(RECORDS PROVIDED Opens)
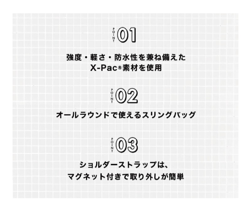 素材 [表地]本体:ナイロン(X-PAC(R) VX21)、背面:ナイロン(840Dバリスティックナイロン)
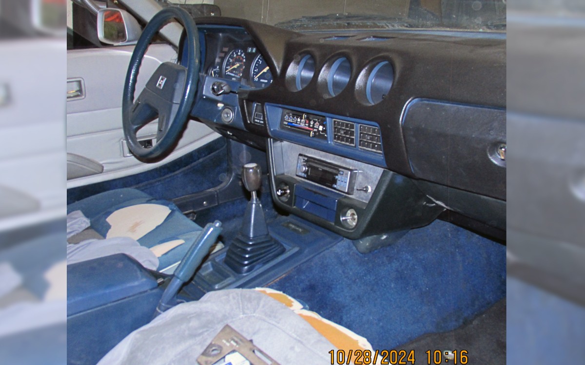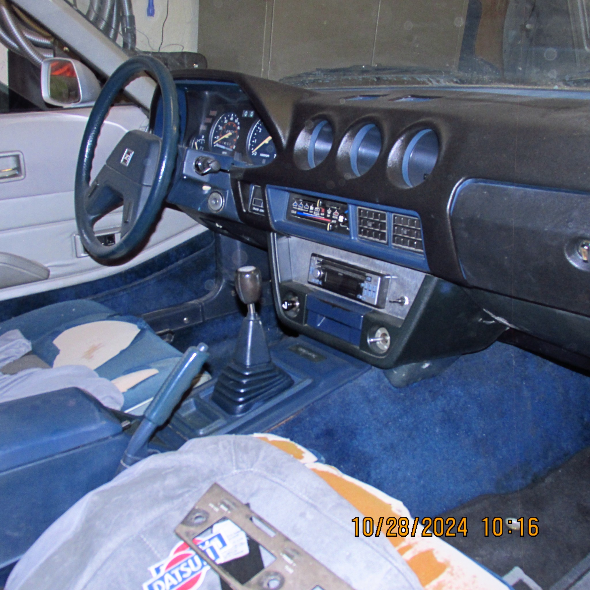 What a mish mash of good pics, bad pics and bizarre pics. Interior pics show a black dash with blue front, black dash with black front. Some pics from 10/24. Some pics of unrecognizable parts and ?? No full profile pics of car, owner couldn’t be bothered with pushing it out and hosing it off.
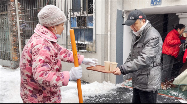“大家歇一歇,喝點姜茶暖暖身子!”正當(dāng)眾人干勁十足時,一位黨員居民端著熱氣騰騰的姜茶走來,將暖茶遞到每個人手中?!拔壹依习橹匕Y需要照顧,沒辦法和大家一起出力,只能煮點熱茶讓大家暖和一下。”一杯姜茶、一聲問候,凝聚起鄰里間最真摯的情誼,為掃雪行動更添溫情。
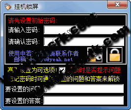 桌面掛機(jī)鎖 單獨(dú)的1個(gè)exe程序,高級(jí)設(shè)置內(nèi)可以設(shè)置密碼保護(hù)問(wèn)題和答案.在忘記密碼時(shí),可以通過(guò)問(wèn)題和答案來(lái)解鎖,可以網(wǎng)吧用,也可以家庭用,界面簡(jiǎn)介,美觀!(已支持Win7/Win2008)
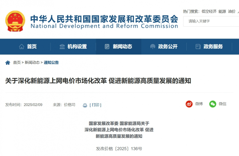 2月9日,國家發(fā)展改革委、國家能源局聯(lián)合印發(fā)《關(guān)于深化新能源上網(wǎng)電價(jià)市場(chǎng)化改革促進(jìn)新能源高質(zhì)量發(fā)展的通知》(發(fā)改價(jià)格〔2025〕136號(hào),以下簡(jiǎn)稱《通知》)。
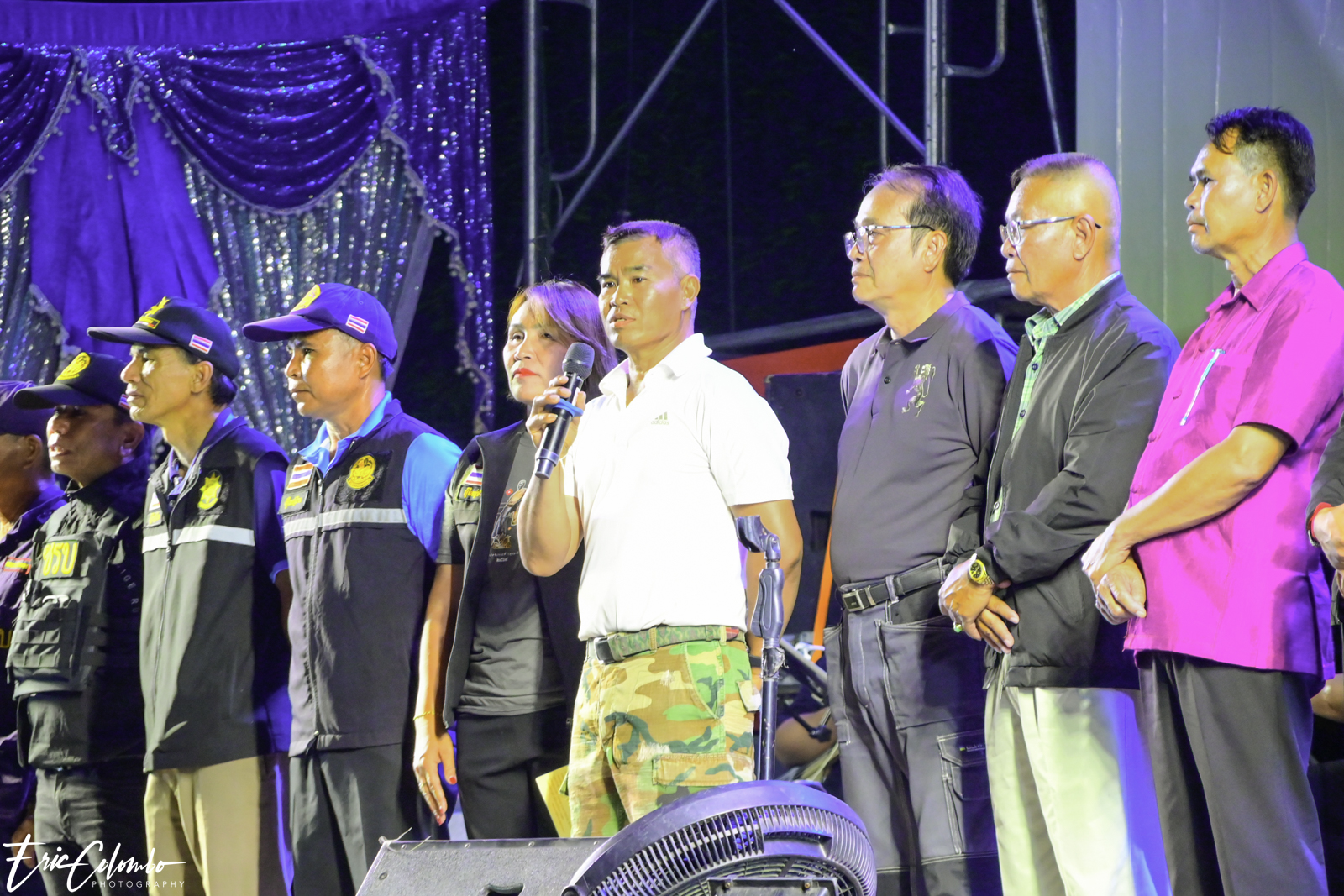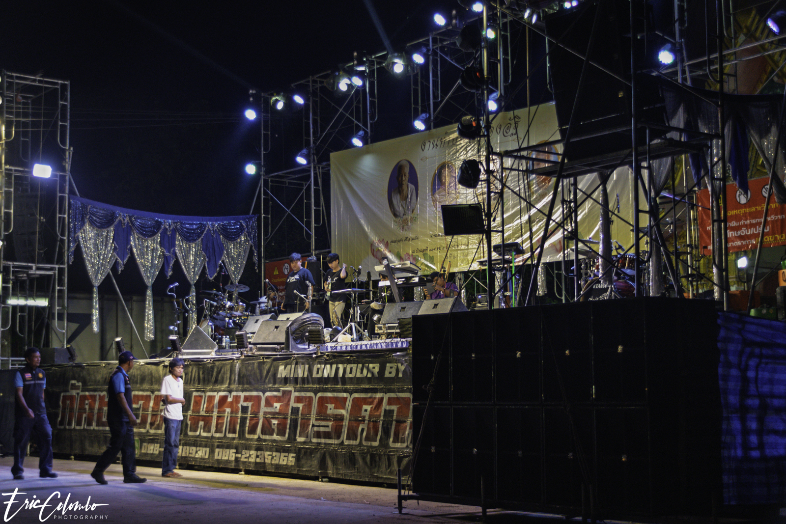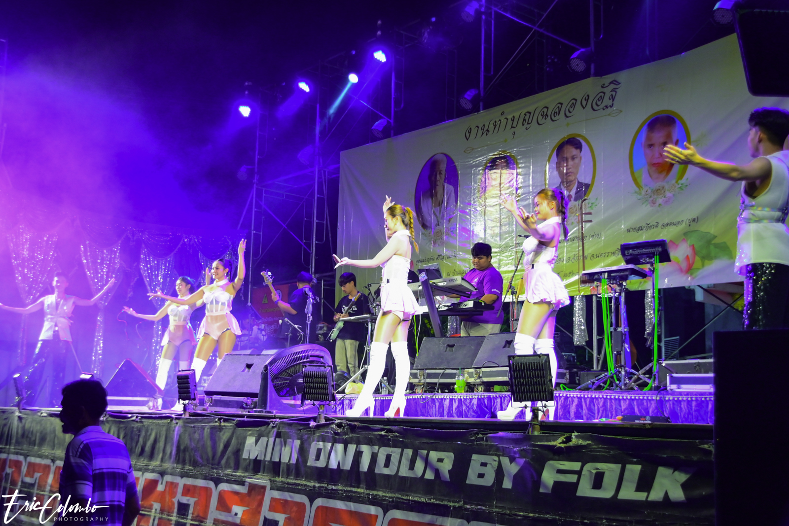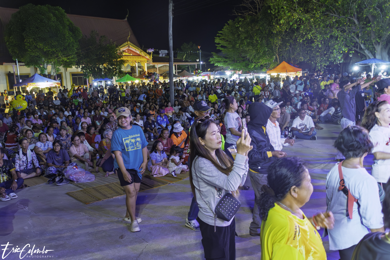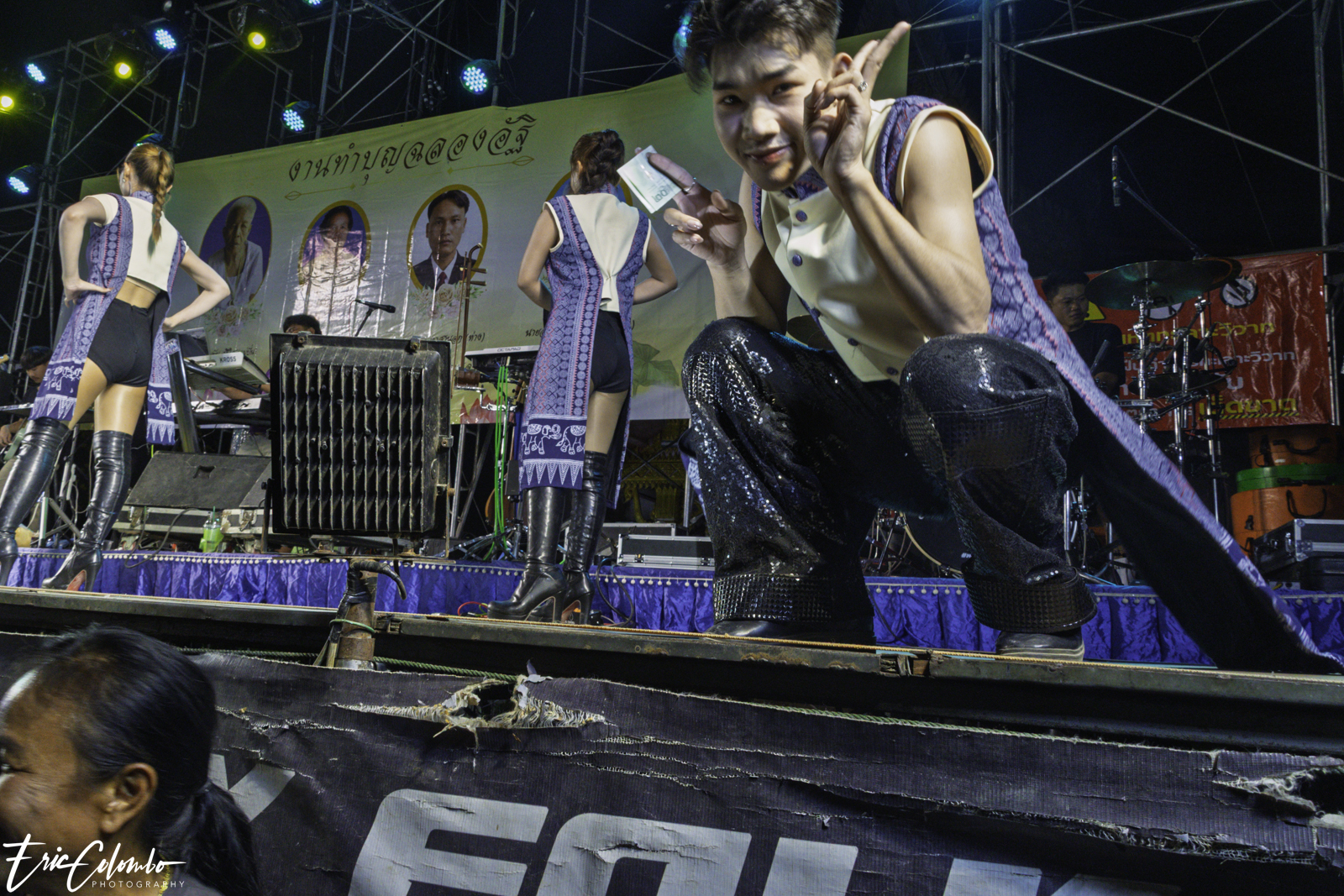 Lors de la cérémonie de dispersion des cendres dans les monuments funéraires, ma belle-famille et moi avons offert aux habitants du petit village de Phra Narai un spectacle exceptionnel. Les célèbres chanteuses Vieng Narumon et Bow Dam Lam Sing (โบว์ดำ ลำซิ่ง), accompagnées de leurs troupes de danseurs et de musiciens, ont enchanté le public. Chaque artiste avait son propre groupe de danseurs et de musiciens, totalisant une quarantaine de personnes. Ils se partagent le matériel et le personnel technique pour le son et l'éclairage.
(RECORDS PROVIDED Closes)
Write out the records above in full and exactly, with no pictures.

▶ _SOLUTION FOR THIS TASK_:
 素材 [表地]本体:ナイロン(X-PAC(R) VX21)、背面:ナイロン(840Dバリスティックナイロン)
 What a mish mash of good pics, bad pics and bizarre pics. Interior pics show a black dash with blue front, black dash with black front. Some pics from 10/24. Some pics of unrecognizable parts and ?? No full profile pics of car, owner couldn’t be bothered with pushing it out and hosing it off.
“大家歇一歇,喝點姜茶暖暖身子!”正當(dāng)眾人干勁十足時,一位黨員居民端著熱氣騰騰的姜茶走來,將暖茶遞到每個人手中?!拔壹依习橹匕Y需要照顧,沒辦法和大家一起出力,只能煮點熱茶讓大家暖和一下。”一杯姜茶、一聲問候,凝聚起鄰里間最真摯的情誼,為掃雪行動更添溫情。
 桌面掛機(jī)鎖 單獨(dú)的1個(gè)exe程序,高級(jí)設(shè)置內(nèi)可以設(shè)置密碼保護(hù)問(wèn)題和答案.在忘記密碼時(shí),可以通過(guò)問(wèn)題和答案來(lái)解鎖,可以網(wǎng)吧用,也可以家庭用,界面簡(jiǎn)介,美觀!(已支持Win7/Win2008)
 2月9日,國家發(fā)展改革委、國家能源局聯(lián)合印發(fā)《關(guān)于深化新能源上網(wǎng)電價(jià)市場(chǎng)化改革促進(jìn)新能源高質(zhì)量發(fā)展的通知》(發(fā)改價(jià)格〔2025〕136號(hào),以下簡(jiǎn)稱《通知》)。
 Lors de la cérémonie de dispersion des cendres dans les monuments funéraires, ma belle-famille et moi avons offert aux habitants du petit village de Phra Narai un spectacle exceptionnel. Les célèbres chanteuses Vieng Narumon et Bow Dam Lam Sing (โบว์ดำ ลำซิ่ง), accompagnées de leurs troupes de danseurs et de musiciens, ont enchanté le public. Chaque artiste avait son propre groupe de danseurs et de musiciens, totalisant une quarantaine de personnes. Ils se partagent le matériel et le personnel technique pour le son et l'éclairage.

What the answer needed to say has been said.